Thus far, 13 mutants have been sequenced and further analyzed. Two classes of ts rpb4 mutants were obtained, referred herein as class I and class II: class I mutants (9 of 13 analyzed) are defective in supporting pol II transcription at high temperatures; as shown in Figure 4, all these mutant forms carry at least one mutation in the C-terminal region (position 129–212). Five of them carry mutations exclusively in the c-terminus. Class II mutants, 4 of 13 analyzed, can support transcription at high temperatures like the WT counterpart, yet (like all the mutants identify in this screen) they cannot confer upon the cells the ability to cope with the stress. Mutations in three of these mutant forms fall within the N-terminal region (position 33–80; see Figure 4). GFP-Rpb4-40p carries two cysteines at positions 143 and 149. We suspect that these two closely located cysteines adversely affect the native conformation of Rpb4p. Western analyses of the mutant fusion proteins raised the possibility that part of the reasons why some of these mutants are defective lays in their abnormal turnover (our unpublished results). Nevertheless, abnormal turnover characterizes both classes. We therefore surmise that abnormal turnover is not the only parameter that affects the abnormal function of the various mutant forms.

One example for the different defect of the two classes of mutants is shown in Figure 5A in which the level of the global poly(A)+ RNA was assessed by its hybridization to radiolabeled poly(dT). Although exposure of cells carrying WT GFP-RPB4 to 37°C had little effect on the global mRNA level, when cells expressing the GFP-rpb4-5 mutant were shifted from 22 to 37°C, their global mRNA level gradually declined (Figure 5A; cf. YTN1 with YTN75). This decline is a characteristics of cells lacking RPB4 (Choder and Young, 1993; Sheffer et al., 1999; our unpublished results), indicating that GFP-Rpb4-5p cannot support transcription. YTN75 was therefore classified as class I mutant and the protein it carries, GFP-Rpb4-5p, as class I mutant form. The transcriptional defect of class I mutants during HS is sufficient to explain why cells carrying these mutants are temperature sensitive and cannot survive stress. In contrast with YTN75 strain, YTN25 and YTN73 strains could transcribe their genome at 37°C at a level similar to their WT counterpart (Figure 5A, compare YTN25 and YTN73 panels with YTN1 panel). YTN25 and YTN73 were therefore classified as class II mutants and the proteins they carry, GFP-Rpb4-2p and GFP-Rpb4-3p, as class II mutant forms.

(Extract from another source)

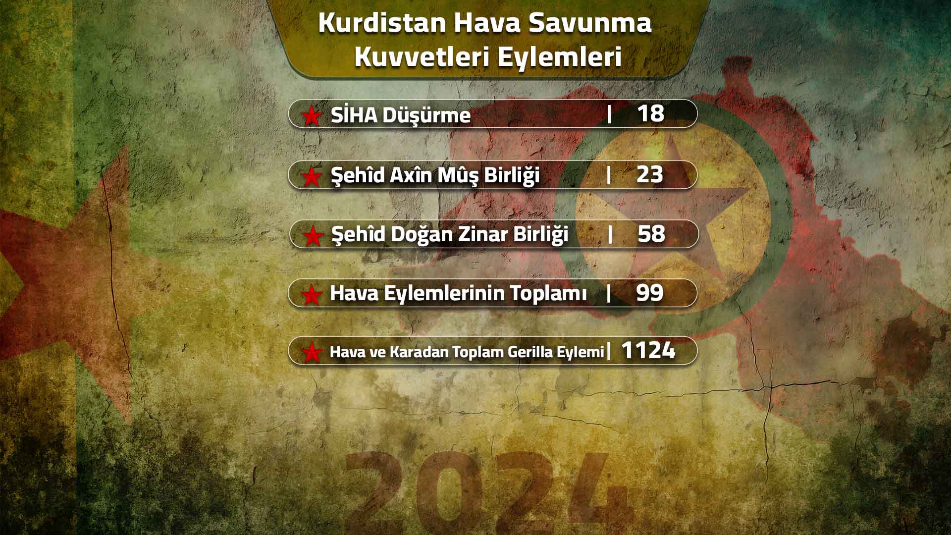 Kürt halkı ve Kurdistan Özgürlük Hareketi, 2024 yılına mücadele ile giriş yapmış ve yıl boyunca aralıksız süren düşman saldırıları karşısında direnişini yükselterek sürdürmüştür.

During abrupt and severe HS (e.g., a shift from 22 to 42°C) yeast cells express preferentially HS genes. We therefore examined the capacity of our mutants to function also under severe HS. Results shown in Figure 5B demonstrate that although the strain expressing the WT GFP-RPB4 responded to the HS by a rapid and robust transcription of HS genes SSA3 and SSA4, transcripts of these genes could not be detected in class I mutants (cf. YTN75 panel with YTN1 panel). Note that within 45 min of the severe HS, transcription of non-HS genes (e.g., ACT1 and NUP157 shown in Figure 5B) was compromised and transcript levels gradually declined, both in the WT and in the mutants, consistent with previous results (Saavedra et al., 1997). Unlike class I mutants, transcription of SSA3 and SSA4 during the HS was as efficient in class II mutants as it was in WT cells (Figure 5B, cf. YTN25 and YTN73 panels with YTN1 panel). It is worth noting that Northern blot hybridization analyses indicated that the sizes of HS mRNAs produced in class II mutant cells were identical to those transcribed in WT cells under both optimal and suboptimal conditions cells (Figure 5B and our unpublished results). Significantly, in spite of their capacity to synthesize full-size transcripts efficiently, class II mutants were still temperature sensitive.

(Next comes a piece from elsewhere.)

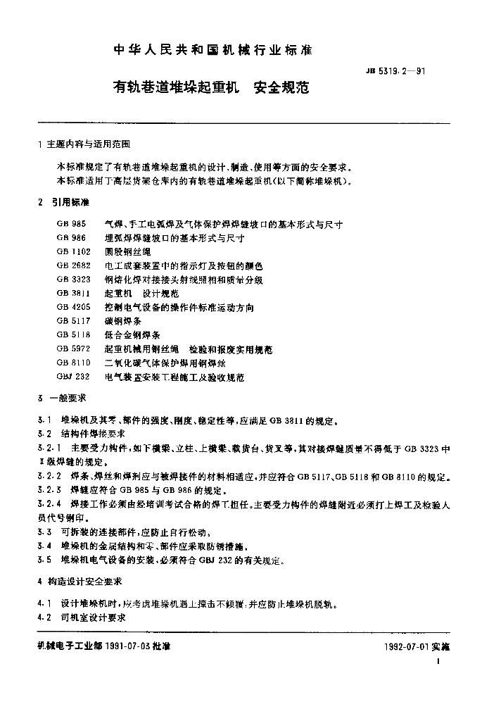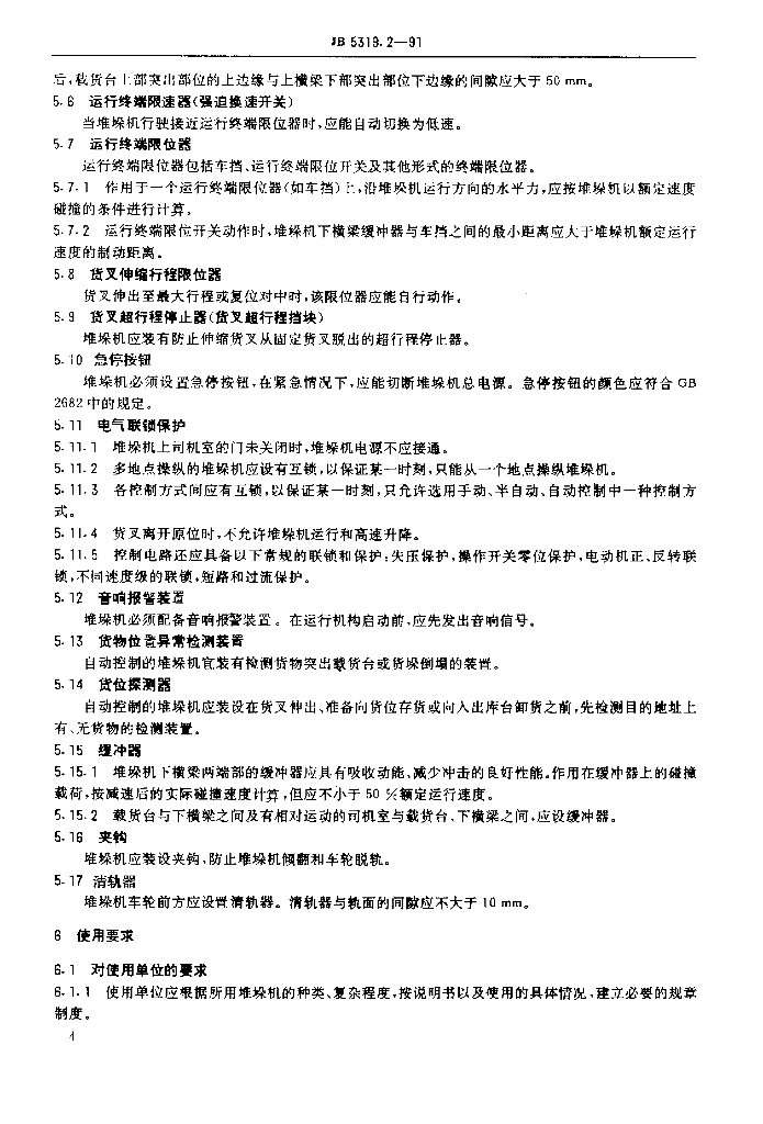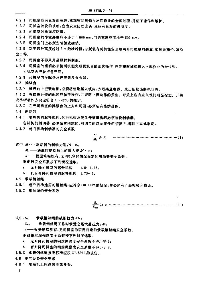 JB 5319.2-1991 有轨巷道堆垛起重机 安全规范

The rpb4 mutant were selected based on their inability to form colonies at 37°C. Yet, further study indicated that both class I and class II mutants were also sensitive to the presence of ethanol (see Figure 3D). Moreover, consistent with their inability to proliferate at 37°C, both class I and class II mutants died much more rapidly than WT at 42°C (Figure 3E). In addition, some of the mutants (e.g., YTN25) died much more rapidly than the WT strain during starvation (our unpublished results).

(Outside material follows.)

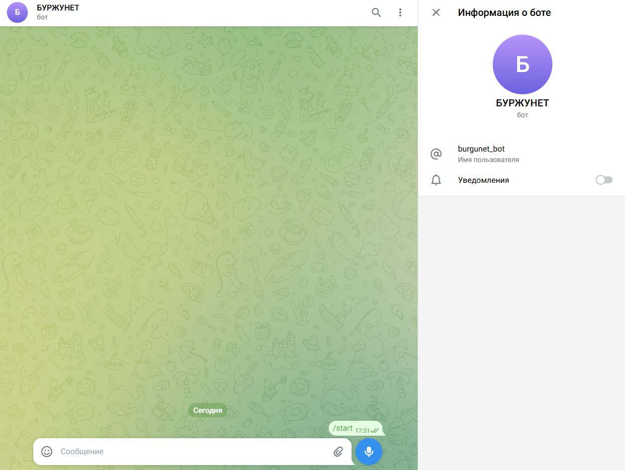 - неработоспособность бота БУРЖУНЕТ;

The identification of rpb4 mutants that transcribe normally but are defective in their ability to cope with various stresses (class II) suggests that Rpb4p plays an additional posttranscriptional role under these stress conditions. The nature of this posttranscriptional function is discussed in the following section.

Rpb4p Is Required for the Export of poly(A)+ RNA at 37°C and for Export of Heat Shock mRNAs during Severe Temperature Stress (42°C)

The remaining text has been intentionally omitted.